The North Brumidi Corridor Viewed from the West, U.S. CapitolThe North Brumidi Corridor Viewed from the West, U.S. Capitol. Although assistants and other artists are responsible for many of the details, the design of the murals and the major elements are by Constantino Brumidi. Born in Rome in 1805, Brumidi had painted in the Vatican and in the palace and villa of a Roman prince before emigrating to the United States in 1852. After he proved his skill in fresco painting in 1855, he spent much of the next 25 years until his death in 1880 decorating the Capitol. (From the Architect of the Capitol website.)

This is all about contested spaces, and as an academic paper puts it:

Understanding how people use space—and invest space with meaning—has become a topic of great importance in the fields of cultural studies, geography, ethnography, anthropology, history and literature, not to mention fields such as economics and political science. Exploring how people negotiate their identities and interests in and through space/ place is also an issue of increasing import.

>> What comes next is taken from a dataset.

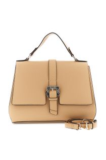Borsa a mano in similpelle con pattina e fibbia gioiello costole a contrasto tramezze interne tasca sul retro e tracollina removibile per versatilità chic.

This is an example of why I talk about DC as a great social laboratory--an opportunity for focused and deliberative observation. But it's more than just an academic exercise as people are impacted, and either benefit or can be damaged through the processes. But acting and "interpreting" what happens here as if it is unique is truly a mistake and fails to capitalize on learnings and gleanings from other settings.

The "production of spaces" isn't theoretical. Also see "Community Preservation and Gentrification" and "Civic Tourism" about the links between historic preservation, commercial district revitalization, arts and cultural development, and tourism, how history changes over time and how our memories are merely snapshots of history that reflect only a piece, granted it is "our" piece, of the total story.